В молчании матери, в самодовольно вскинутой голове, в вольно мечущихся под ветром недлинных волосах, в глядении как бы поверх голов прохожих Юля без труда угадала намерение внушить ей, что «не коснись дело твоего блага, меня никакими коврижками не заманили бы туда, откуда я иду!». Мелькнула мысль как-то выразить свою признательность, поцеловать, что ли… Но сызмальства не знавшая и потому не терпевшая нежностей, Юля не могла принудить себя, наперед зная, что выйдет плохо — фальшиво, лаской за плату, а всякая грязь сейчас была особенно некстати. И она ограничилась тем, что старалась идти плечом к плечу с матерью, полагая, что ей приятно показаться на людях рядом со взрослой дочерью. Но — природная ли несхожесть тому причиной или слишком уж недолгое материнство Регины Ерофеевны — угадать их родство было невозможно, а о том, что они мать и дочь, в городе знали немногие.

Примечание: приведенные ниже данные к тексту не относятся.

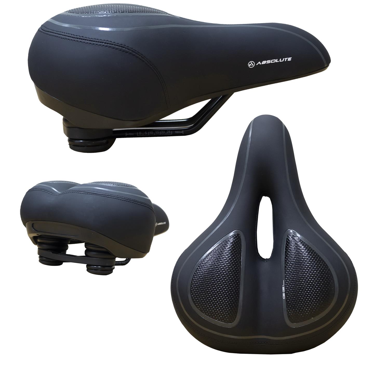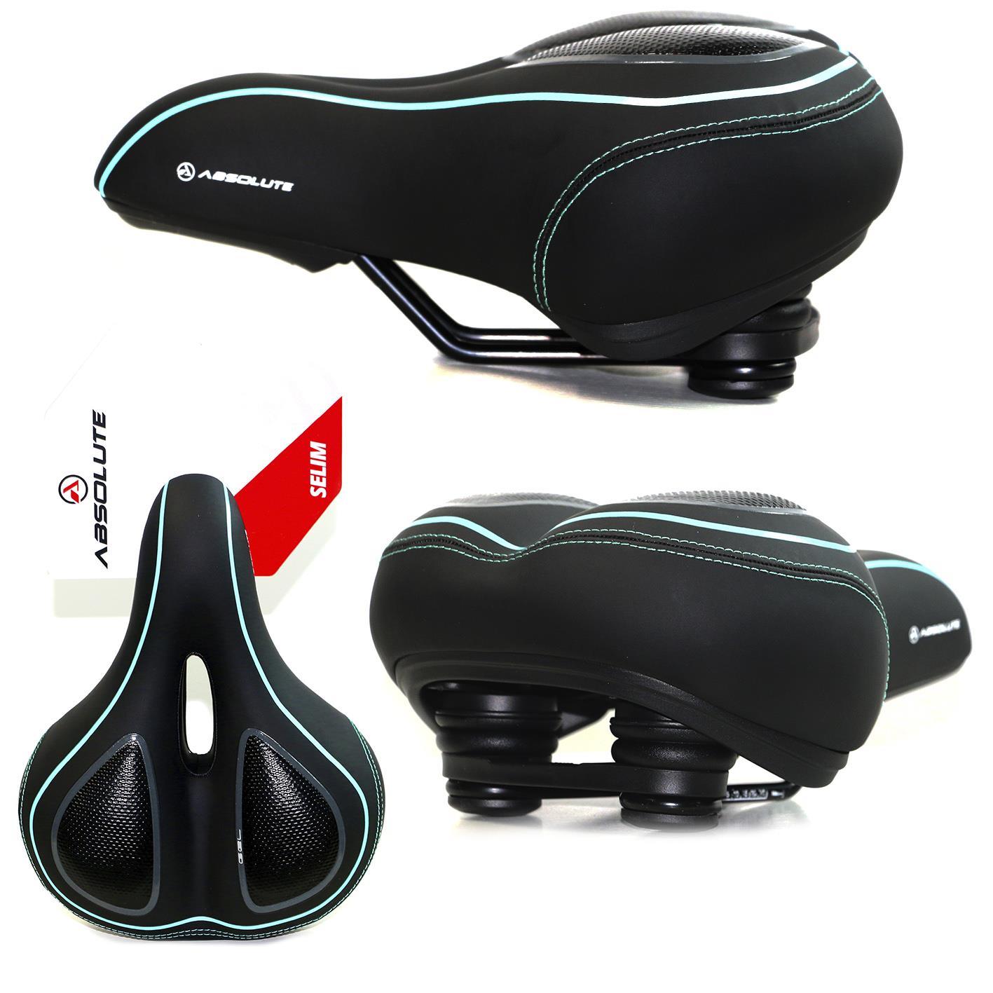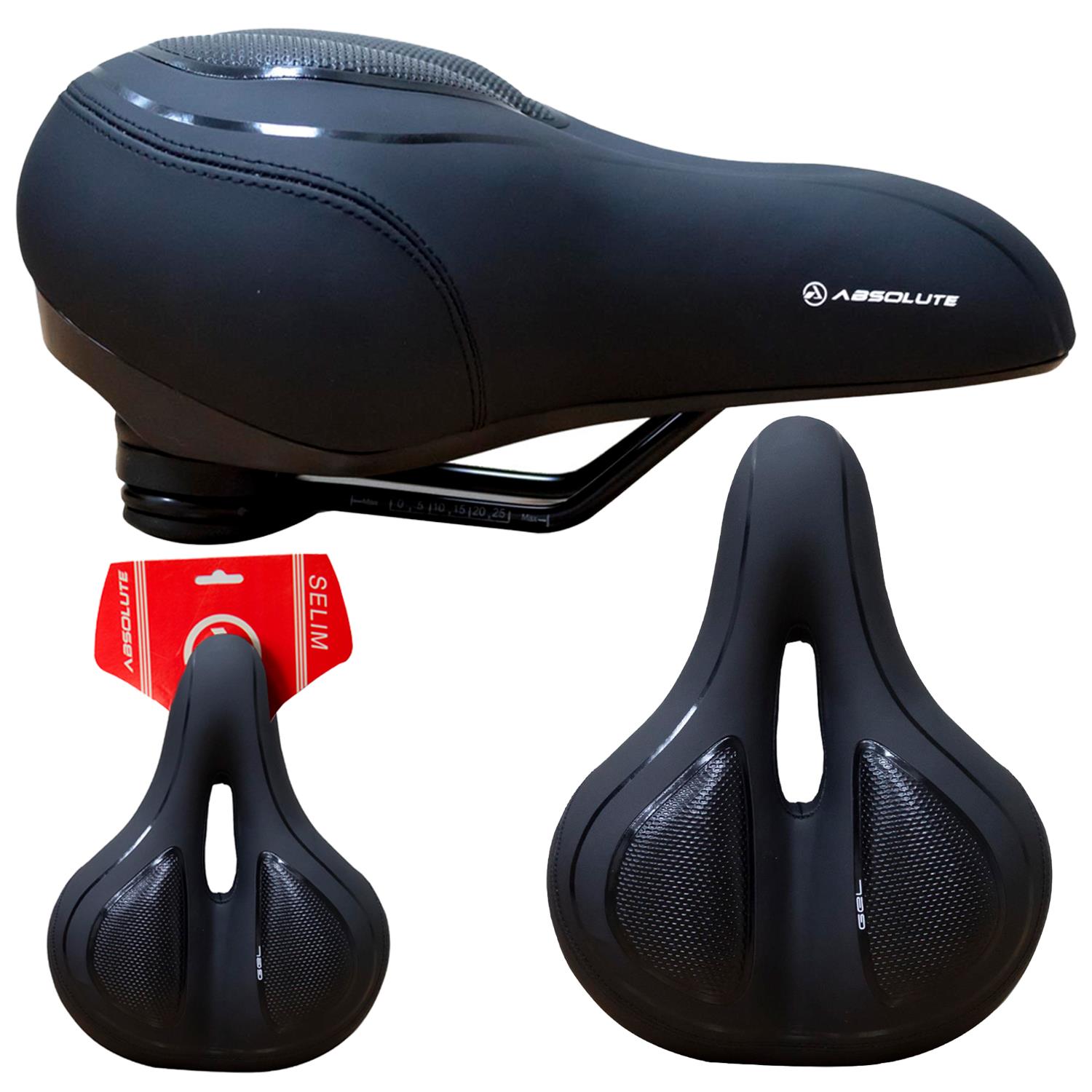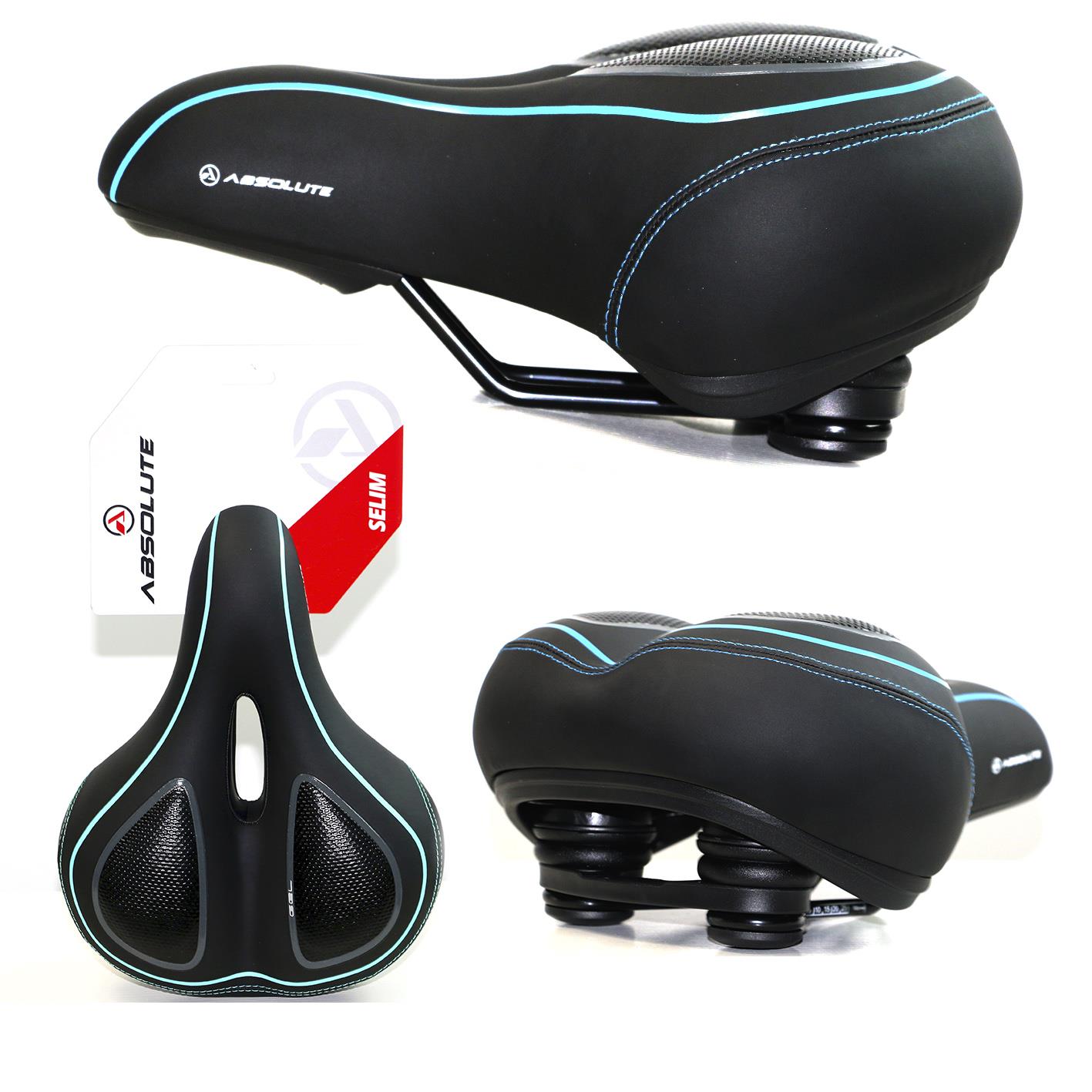 Selim Absolute Comfort, Vazado, Trilhos em Aço c/ Apliques em Gel Molas de Elastômero,

На светлом, мило разгоряченном лице Юли никто не смог бы отыскать даже отдаленного сходства с чертами матери. И выражения совсем не напоминали материнские, на мужской лад огрублявшие ухоженное, но заметно рыхлеющее лицо Регины Ерофеевны, некогда очень привлекательное, оживленное веселыми внимательными глазами, говорившими о сметливости и невздорности расторопной продавщицы. Несмотря на кровное родство, мать и дочь оставались чужими друг другу: дочь росла и взрослела сама по себе, мать ожесточалась и старилась сама по себе. А годы, щедро нагруженные женским невезением и прочими жизненными передрягами, усугубив все характерные, в юности едва приметные, а то и вовсе неуловимые черточки, выявили как бы подлинное содержание былой привлекательности Регины Ерофеевны. Зная ее теперешнюю, увлекавшиеся ею в молодости мужчины ничуть не жалели, что не связали с ней свои жизни. Влекущая незавершенность черт, сулившая — как это всегда кажется — расцвет самых лучших женских свойств, сложилась в образ закосневшей, в чем-то враждебной всему и всем упрямой бабы. Девичья понятливость развилась не в добросердечное всепонимание, а в пошляческую привычку агрессивно впериваться глазами во всякого, с кем ее сталкивал случай: знаем мы вас!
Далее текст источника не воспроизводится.